→ **WHAT IS REQUIRED**
Leaving out all pictures, return exactly the lines from the one that contains "Plan of Wells" through the end of the data below.

→ **AVAILABLE DATA**
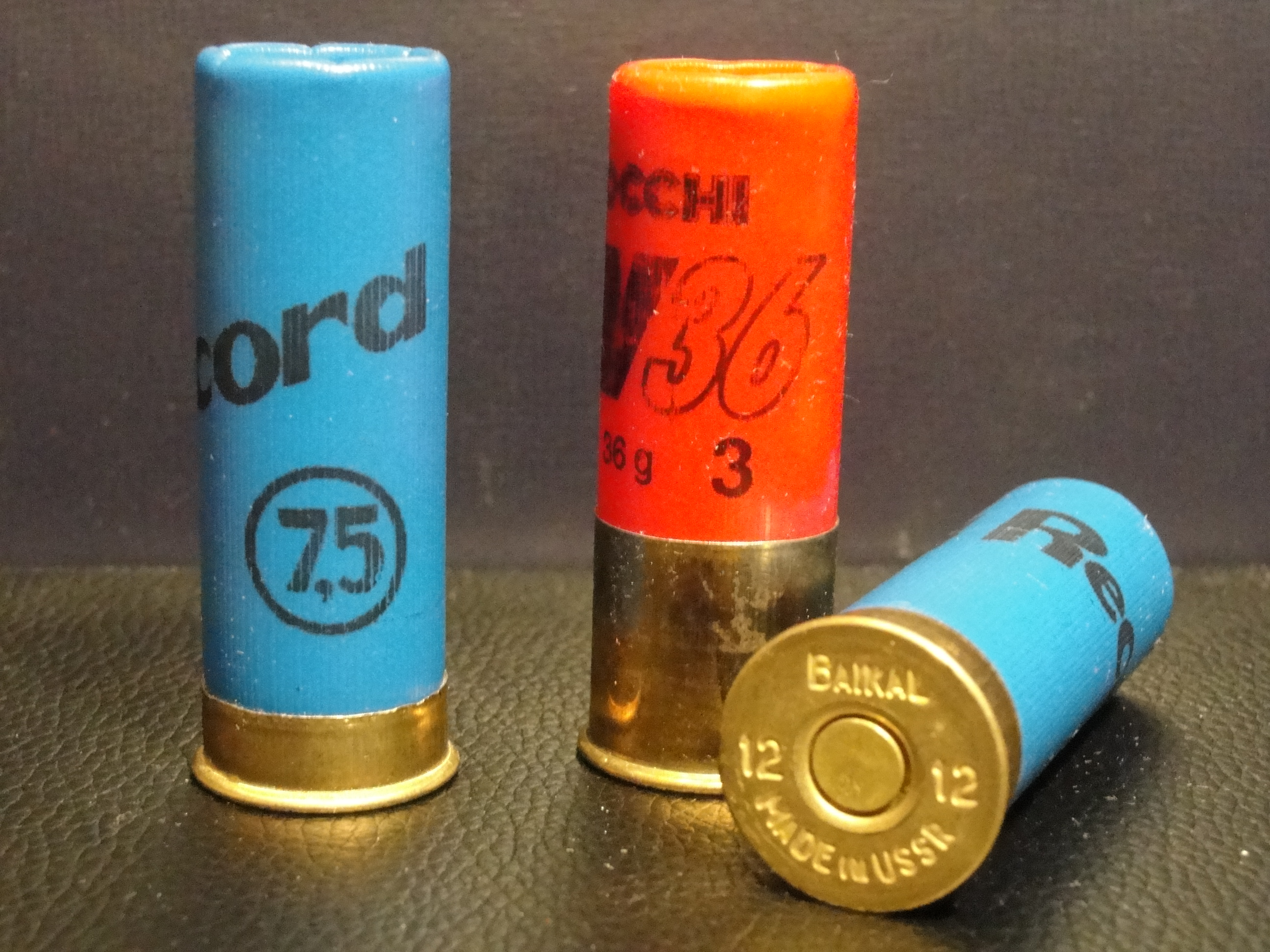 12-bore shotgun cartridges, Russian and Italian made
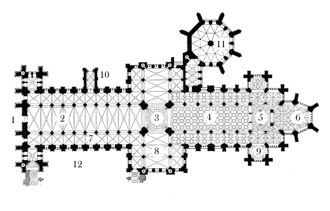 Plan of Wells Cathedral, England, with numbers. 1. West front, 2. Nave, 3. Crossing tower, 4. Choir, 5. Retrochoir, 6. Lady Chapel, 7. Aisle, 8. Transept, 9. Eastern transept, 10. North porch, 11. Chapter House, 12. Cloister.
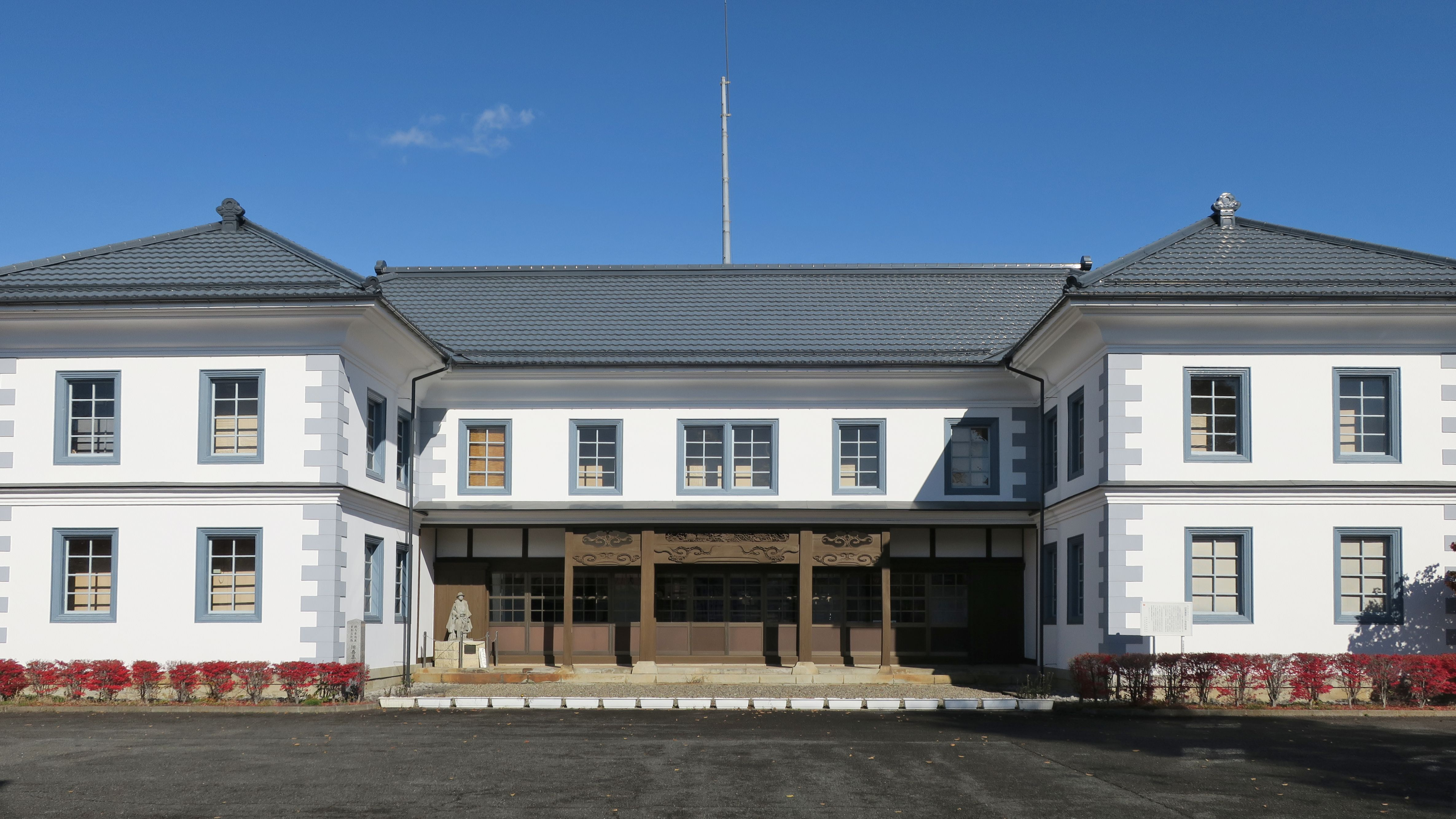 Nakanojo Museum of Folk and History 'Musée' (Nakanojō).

→ **ANSWER TO THIS EXERCISE**
 Plan of Wells Cathedral, England, with numbers. 1. West front, 2. Nave, 3. Crossing tower, 4. Choir, 5. Retrochoir, 6. Lady Chapel, 7. Aisle, 8. Transept, 9. Eastern transept, 10. North porch, 11. Chapter House, 12. Cloister.
 Nakanojo Museum of Folk and History 'Musée' (Nakanojō).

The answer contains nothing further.